With problems plaguing its Calvert Cliffs nuclear power plant, the Baltimore Gas & Electric Co. is asking the Maryland Public Service Commission to raise rates to cover costs associated with the troubled facility.
Less than three weeks after receiving a $77 million base rate increase, BG&E wants the commission to raise its fuel adjustment rate to boost its annual revenues by $48 million.
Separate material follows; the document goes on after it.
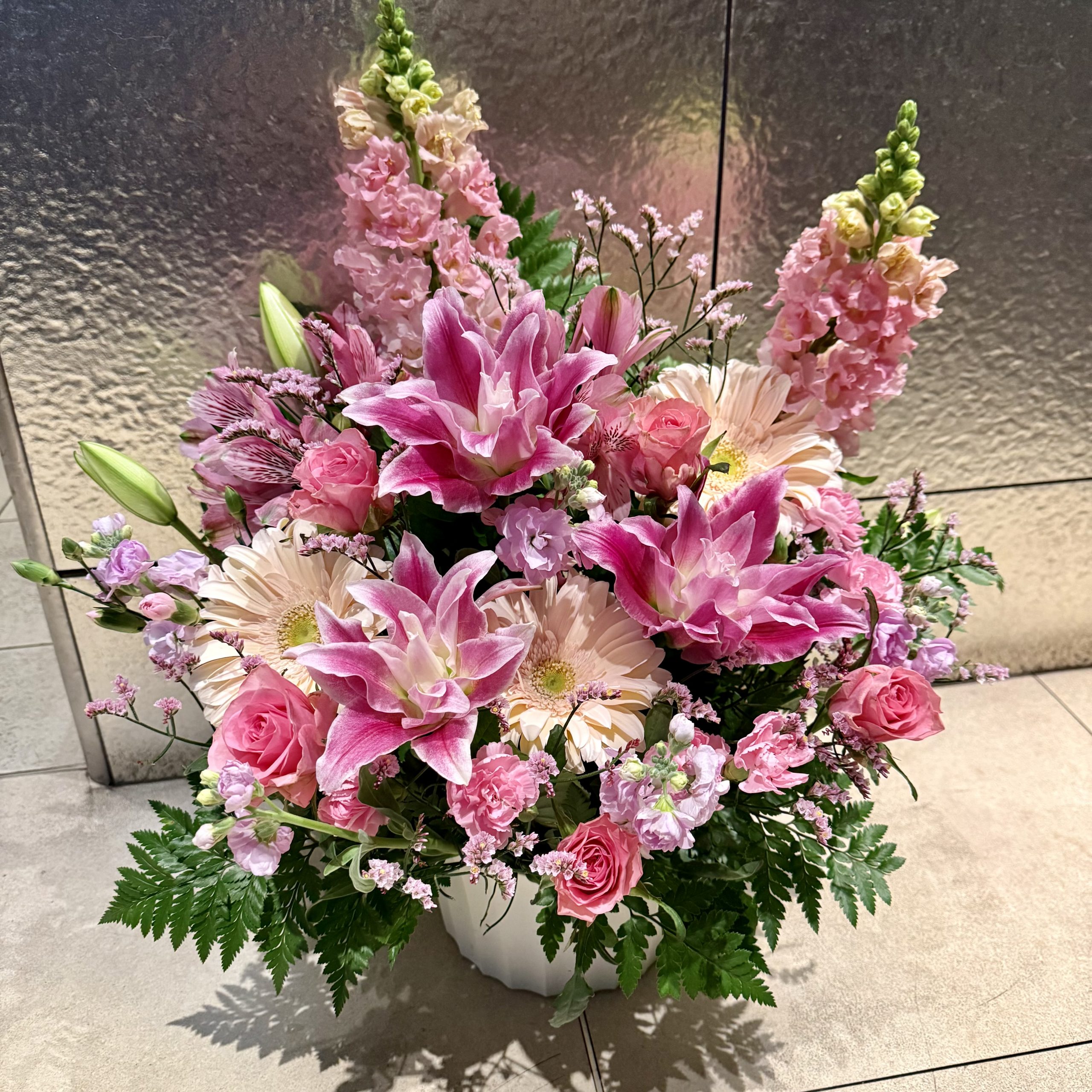個展の作品イメージに合わせてピンクを基調とした華やかなアレンジメントをお作りいたしました💐
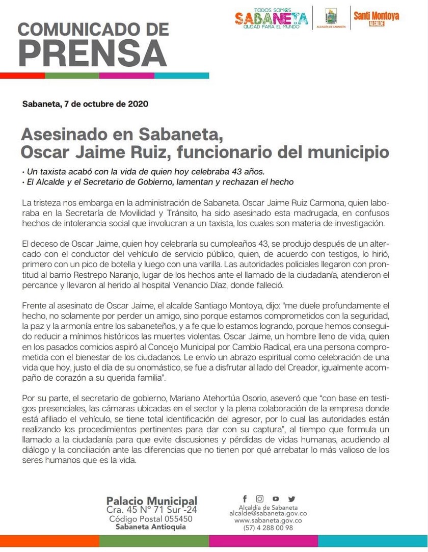 La alcaldía del municipio se pronunció frente a este hecho, lamentando la muerte de este hombre que era un reconocido líder social de ese municipio del sur del Valle de Aburrá. Además, trabajaba en la Secretaría de Movilidad y fue candidato al Concejo local.

The rate change would increase the residential bill for a customer using 900 kilowatts by $1.69 a month.
People's Counsel John Glynn, the state official who represents rate-payers, said he will oppose the new rate request.
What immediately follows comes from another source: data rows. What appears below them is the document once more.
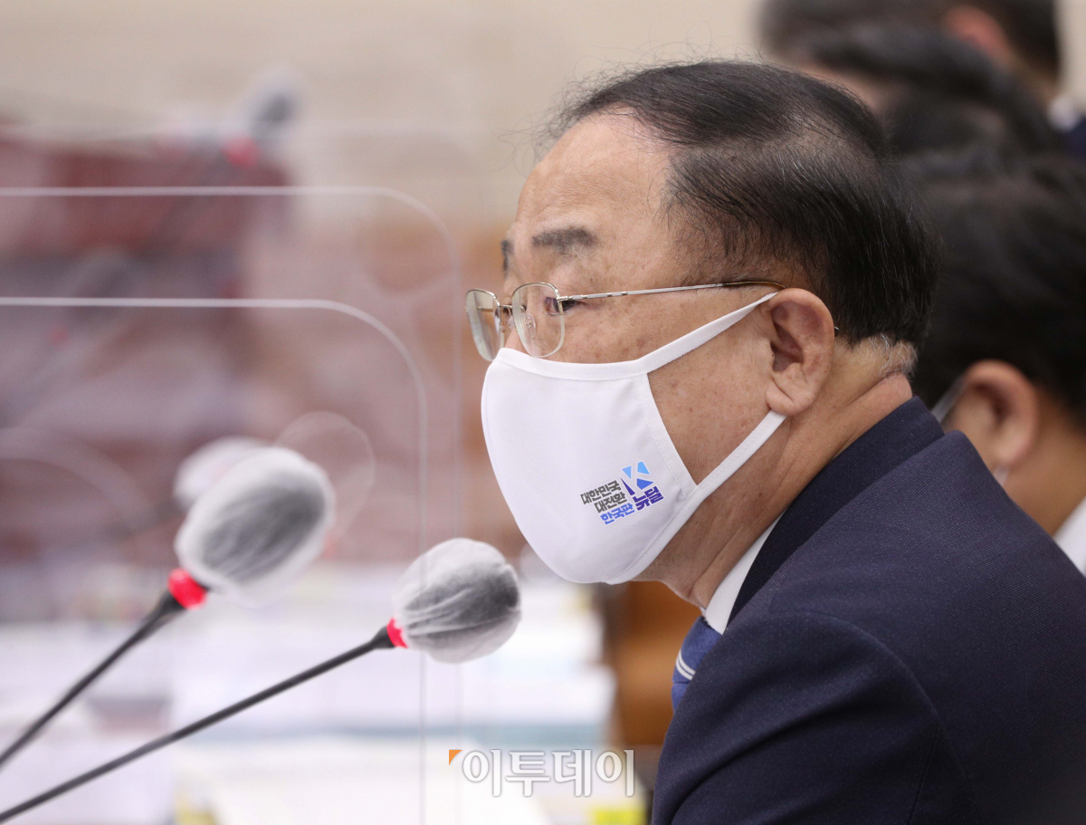 홍남기 경제부총리 겸 기획재정부 장관이 3일 오후 서울 여의도 국회에서 열린 기획재정위원회 전체회의에서 의원들의 질의에 답변하고 있다.
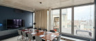 - 1 Großraum inkl. Premium Einbauküche (teilweise Gaggenau Geräte, Kücheninsel mit Kupfer-Oberfläche nach individueller Anfertigung, uvm.) sowie Kamin (von Decke hängend)
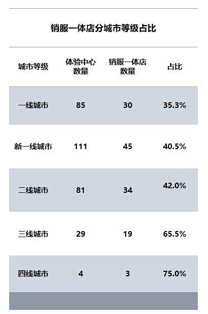 特斯拉2023年一线及新一线城市共计196家体验中心,占特斯拉体验中心总量63%;196家门店总计销量为404011台,占其总销量的66%。我们从特斯拉的渠道可以看出,其在一线、新一线城市布局渠道是采取“饱和式打法”。
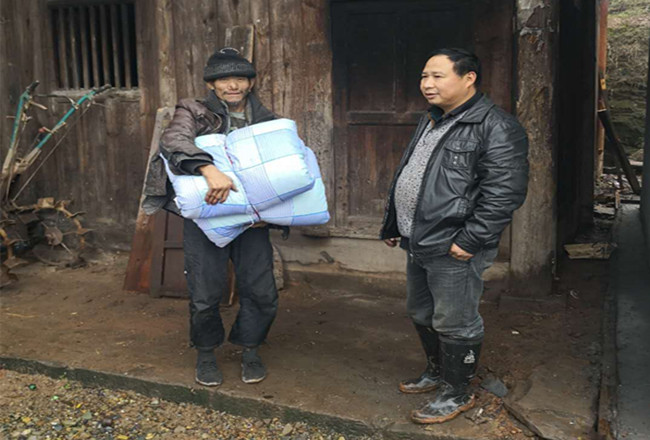 经过近三个小时的坚苦工作,原本已被各类垃圾杂物包围成一座孤岛的房屋终于有了一个家的样子,大伙的额头也挂满了颗颗汗珠。当一切整理完毕,驻村工作队为张小华送去了崭新的棉被,村主任为张小华整理好床铺,结对帮扶责任人还专程为张小华送去了一袋大米。

"Its very disturbing that these massive increases are being borne by the public," Glynn said.
The new request, filed with the commission Wednesday, would primarily meet replacement electricity costs caused by the shutdown of reactors at the Calvert Cliffs nuclear plant in Southern Maryland, which normally provides 50 percent of BG&E's power. The cost of replacement power for both reactors at the plant is an average $600,000 a day.
Unit 2 of the two-reactor plant, which has been shut down since May 1989, is expected to be in operation early this year, BG&E spokesman Arthur J. Slusark said. Unit 1 was brought into service in October, but was shut down for three weeks in December, he said.
About 20 percent of the rate increase is due to higher fuel costs, including oil prices, which shot up after Iraq invaded Kuwait Aug. 2.
The fuel adjustment rate, which makes up about 25 percent of a utility bill, allows the utility company to pass on the cost of higher fuel costs. This rate can fall if fuel costs go down or the utility no longer needs to buy higher priced replacement power.
BG&E expects the fuel adjustment rate to begin to decrease in June as the company gets more power from Calvert Cliffs and starts to use the coal-fired unit 2 at its Brandon Shores plant in Anne Arundel County, Slusark said.
On Dec. 17, the commission granted a $77 million base rate increase to BG&E. The commission also approved another $72 million increase effective in June.
Even though it stands to receive a total of $149 million in new revenues -- the most in its history -- BG&E had asked the commission to reconsider its original request for a $198 million increase.
However, that case will now go to the Baltimore Circuit Court because the Building Owners and Managers Association in Baltimore said it plans to appeal the case to the court, according to Frank Fulton, a commission spokesman. The association is contending the rate increase was unfair to owners of commercial and office buildings.
BG&E has asked that the new fuel adjustment rate take effect Feb. 1. Traditionally, the commission has passed through fuel adjustment increases and then held hearings on them to determine whether there should be refunds. However, in the last such case, the commission cut the requested increase in half.
This is the seventh fuel adjustment increase that BG&E has requested since mid-1989.